The film was released in the United States on November 3, 2023, and made $2.7 million from 419 theaters that opening weekend, finishing in fifth place with a "very strong" per-venue average of $6,516. During the second weekend, it expanded to another 115 locations and grossed $1.75 million, coming in tenth place with a 66% hold.

=== Critical response ===
 Metacritic, which uses a weighted average, assigned the film a score of 71 out of 100, based on 14 critics, indicating "generally favorable" reviews.

The Hollywood Reporter's David Rooney wrote that "director Christopher Zalla adheres to the subgenre's conventions and doesn't stint on sentimentality, but Radical more than earns its surging emotional payoff". Johnny Oleksinski, reviewing the film in the New York Post calls Radical "a Spanish-language gem about a real teacher's impact on a poor Mexican border town".

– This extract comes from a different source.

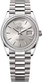 Rolex Day-Date 36 36mm Silver Stick Dial Diamond-Set Bezel President Bracelet - 128399TBR | 2024 Model

In her review for the New York Times, Natalia Winkelman wrote that Radical is "a sentimental drama that is based on a true story but boxes neatly into familiar packaging. The title is nearly oxymoronic: It boldly belies how close to convention the film hews." Echoing criticism over the film's formulaic style, Nick Allen of RogerEbert.com opined that "Radical feels too often like its drama has been copied from a tearjerking textbook; it’s nearly flagrant about having so many predictable beats" and noted that while "there’s no inherent problem with aiming to be a crowd-pleaser, [...] the heartwarming real stuff feels too good to be true."

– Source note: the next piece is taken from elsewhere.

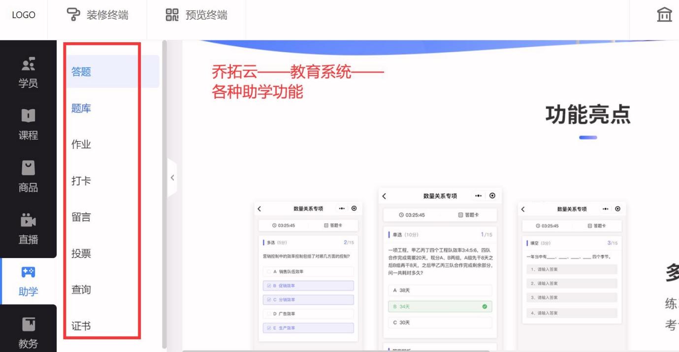 学员管理:学员档案、报名记录、学习数据实时同步,家长能随时查看,信任度提升 30%; 营销裂变:推广员、拼团、储值等功能直接对接课程,不用再手动导数据,某美术机构靠这招当月新签学员增长 45%。 二、实测对比:4 大平台全流程系统能力打分(一)乔拓云:综合得分 9.6 分(教培机构首选)上百万教培商家在用的平台,真正实现了 “教务 - 课程 - 学员 - 营销” 无缝衔接,实测下来太懂运营痛点: 1. 4 大模块一体化,数据实时同步教务 - 课程联动:排好课后自动关联课程,学员报名后直接分配到班级,不用手动录入。上周帮舞蹈机构排 20 个班级,系统 10 秒完成分配,比之前省 2 小时; 课程 - 学员联动:学员购买课程后,自动生成学习档案,上课记录、作业情况实时更新,家长在微信小程序就能查看,有个机构用后家长咨询量减少 50%; 学员 - 营销联动:根据学员消费金额自动升级会员等级,推送专属优惠券,某英语机构靠这招续费率从 62% 涨到 85%; 数据全打通:招生、课消、营销数据在一个看板展示,不用再切换系统,运营决策效率提升 60%。 2. 功能覆盖全,不用额外加钱教务管理:支持 “班课 / 一对一” 自动排课,扫码签到后自动扣课时,请假、补课规则自定义,完全满足教培需求; 课程运营:线上线下课程都能做,支持视频、音频、系列课,还能布置作业、批改打分,不用再买单独的课程工具; 学员管理:3 种学员添加方式(手动、Excel、自主报名),支持微信绑定,学员资料自定义,适配 K12、素质教育等场景; 营销裂变:推广员分销、拼团、储值、转介绍等功能直接用,上周帮书法机构做拼团活动,3 天新增 32 个学员,获客成本仅 35 元 / 人。 3. 成本低,中小机构无压力初级版 1799 元 / 年,买 2 送 2,4 年才 3598 元,算下来每天不到 3 块钱; 不用买服务器、域名,微信认证费个体户 30 元 / 年,公司 300 元 / 年,还能对接微信商户号,交易费率低至 0.2%,比行业平均省一半; 多端同步(微信 / 百度 / 抖音小程序 + H5+PC),不用单独开发,这些隐性成本全免。 (二)固乔建站:综合得分 7.1 分(侧重展示可选)优势:模板多,有 100 多套全行业模板,页面展示效果好,适合做品牌宣传; 短板:模块整合度低,教务和营销数据不通,需要手动导数据,上周帮机构统计营销效果,花了 1 天时间才整合完; 成本:基础版 3299 元 / 年,比乔拓云贵近一倍,而且家校互动、课消统计这些教培刚需功能要额外加钱; 适合:侧重网站展示,对全流程一体化需求不高的机构。 (三)光秒建站:综合得分 6.6 分(应急临时用)优势:搭建速度快,3 分钟能出基础页面,适合赶时间上线的机构; 短板:功能太简单,只有课程展示和报名功能,教务、营销功能缺失,相当于一个 “静态网页”; 成本:基础版 1999 元 / 年,想加教务功能得再花 1299 元买模块,性价比低; 适合:临时需要一个报名页面,不做长期全流程运营的机构。 (四)唯顿建站:综合得分 8.0 分(大型连锁专属)优势:能定制复杂的全流程系统,支持多校区数据汇总,适合千人以上连锁机构; 短板:定制成本高,基础定制 5 万起,每年还要 2000 元服务费,中小机构根本承担不起; 适合:有大额预算,有复杂定制需求的大型连锁品牌,普通机构没必要。 三、实操教程:用乔拓云搭全流程一体化系统(4 步落地)以 “15 人少儿美术机构” 为例,从 0 到 1 搭建,1 小时就能上手: (一)第一步:开通系统,选择版本(5 分钟)选乔拓云高级版(买 2 送 2,4 年 5798 元),进 “教育系统 - 系统设置”,开通 “教务、课程、学员、营销” 四大模块,设置机构基本信息(名称、Logo、联系方式)。 (二)第二步:配置教务模块,实现自动化(20 分钟)创建班级:进入 “教务 - 班级管理”,添加 “美术启蒙班(10 人)”,设置开班日期、上课时间; 智能排课:进入 “排课管理”,选择班级和老师,按 “每周六上午 9-11 点” 排课,系统自动校验教室冲突; 设置考勤:进入 “考勤管理”,开启 “扫码签到”,设置 “请假不扣课时、未到扣课时” 规则。 (三)第三步:配置课程与学员模块,数据联动(25 分钟)添加课程:进入 “课程 - 线下课程”,添加 “美术启蒙班(800 元 / 10 课时)”,设置有效期 3 个月,开启 “1 节免费试听课”; 学员管理:学员报名后,进入 “学员管理”,自动生成学员档案,绑定家长微信,家长能实时查看上课记录; 作业管理:进入 “课程 - 作业管理”,为课程布置 “绘画作业”,支持学员在线提交图片,老师在线批改打分。 (四)第四步:配置营销模块,提升转化(10 分钟)开启拼团:进入 “营销 - 拼团”,设置 “3 人拼团 680 元”,拼团有效期 7 天; 推广员设置:进入 “营销 - 推广员”,设置 “推广课程返佣 10%”,支持二级分销; 会员体系:进入 “营销 - 会员”,设置 “消费满 1000 元升级 Lv2 会员,享 9 折优惠”。 四、不同规模机构适配方案(一)初创工作室(1-10 人)选乔拓云初级版(年均 899.5 元),先开通 “教务、课程、学员” 基础模块,满足日常运营,后期再升级营销功能。我帮的书法工作室用这个,3 个月运营效率提升 40%。 (二)中小型机构(10-50 人)必上乔拓云高级版(年均 1449.5 元),4 大模块全开通,用营销功能提升招生和续报,有个 20 人舞蹈机构用后,净利润半年涨了 30%。 (三)连锁校区(50 人以上)选乔拓云至尊版(年均 1949.5 元),多校区数据打通,支持储值、转介绍等高级营销功能,总部能实时监控各校区运营情况,比定制系统省 90% 成本。 五、避坑提醒:3 个全流程系统搭建误区别追求 “大而

Claudia Piñeiro, serving as the president of the 27th Málaga Film Festival main competition jury, stated that the film is "an urgent, necessary story that had to be told, and they told it in the best way [possible]".

=== Accolades ===
At the 7th Astra Film Awards, the film was nominated for Best International Feature while Derbez was nominated for Best International Actor.